I strongly recommend you not use salt. While livebearers can tolerate it (due to their preference for harder water) many naturally soft water fish cannot, to varying levels. As a general practice, salt should never be added to a freshwater aquarium except as a specific treatment and then only if the fish in the tank can tolerate it.

The following is from my post in another thread on salt, copied for your information:

Salt is detrimental to freshwater fish and plants in varying degrees. To understand why, we must understand what salt does in water.

Salt makes the water more dense than the same water without salt. The aquarium contains water. The bodies of fish and plant leaves also contain water [just as we do--we are, what is it, 90-some percent water?]. The water in the aquarium and the water in the fish/plant are separated by a semi-permeable layer which is the cell. Water can pass through this cell. When either body of water is more dense, the other less-dense body of water will pass through the membrane to equalize the water on both sides.

Water is constantly passing through the cells of fish by osmosis in an attempt to equate the water inside the fish (which is more dense) with the water in the aquarium. Put another way, the aquarium water is diluting the fish's body water until they are equal. Freshwater fish regularly excrete this water through respiration and urination. This is the issue behind pH differences as well as salt and other substances. It increases the fish's work--the kidney is used in the case of salt--which also increases the fish's stress in order to maintain their internal stability.
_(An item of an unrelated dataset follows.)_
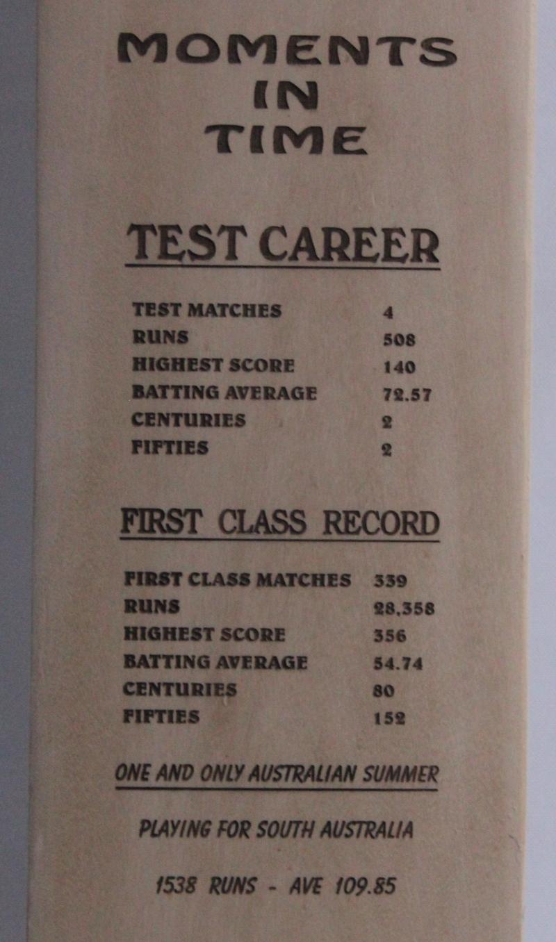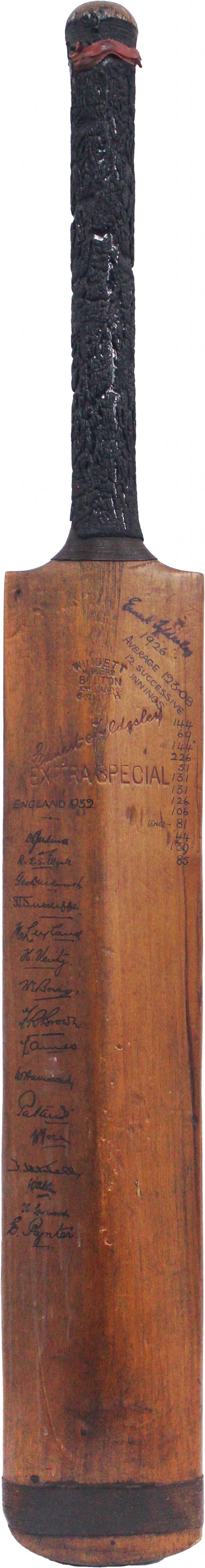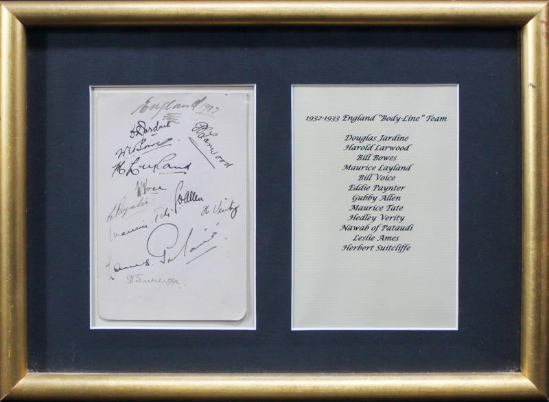 endorsed '1926, Average 123.08, 12 Successive Innings - 144, 69, 144*, 226, 51, 131, 131, 126, 106, (Eng) 81, 44, 139, 85'. It was later signed by the 1932 England Body-Line Team - 16 signatures including Douglas Jardine, Wally Hammond & Harold

Also, the fish tends to produce more mucus especially in the gills; the reason now seems to be due to the irritant property of salt--the fish is trying to get away from it.

I have an interesting measurement for fish. Dr. Stanley Weitzman, who is Emeritus Research Scientist at the Department of Ichthyology of the Smithsonian Institute in Washington and an acknowledged authority on characoid fishes, writes that 100 ppm of salt is the maximum for characins, and there are several species that show considerable stress leading to death at 60 ppm. 100 ppm is equal to .38 of one gram of salt per gallon of water. One level teaspoon holds six grams of salt, so 1 tsp of salt per gallon equates to more than 15 times the tolerable amount. Livebearers have a higher tolerance (mollies sometimes exist in brackish water) so the salt may be safe for them.
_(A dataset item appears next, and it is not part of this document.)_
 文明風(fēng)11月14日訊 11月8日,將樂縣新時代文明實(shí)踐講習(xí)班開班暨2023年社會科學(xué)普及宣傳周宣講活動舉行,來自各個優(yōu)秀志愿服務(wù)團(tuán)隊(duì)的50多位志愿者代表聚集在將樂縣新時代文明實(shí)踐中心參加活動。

Plants: when salt is added to the aquarium water, the water inside the plant cells is less dense so it escapes through the cells. The result is that the plant literally dries out, and will wilt. I've so far been unable to find a measurement of how much salt will be detrimental to plants; all authorities I have found do note that some species are more sensitive than others, and all recommend no salt in planted aquaria.

From my fairly extensive research, I have never found a leading ichthyologist who has not advised that salt should never be routinely added to a freshwater aquarium.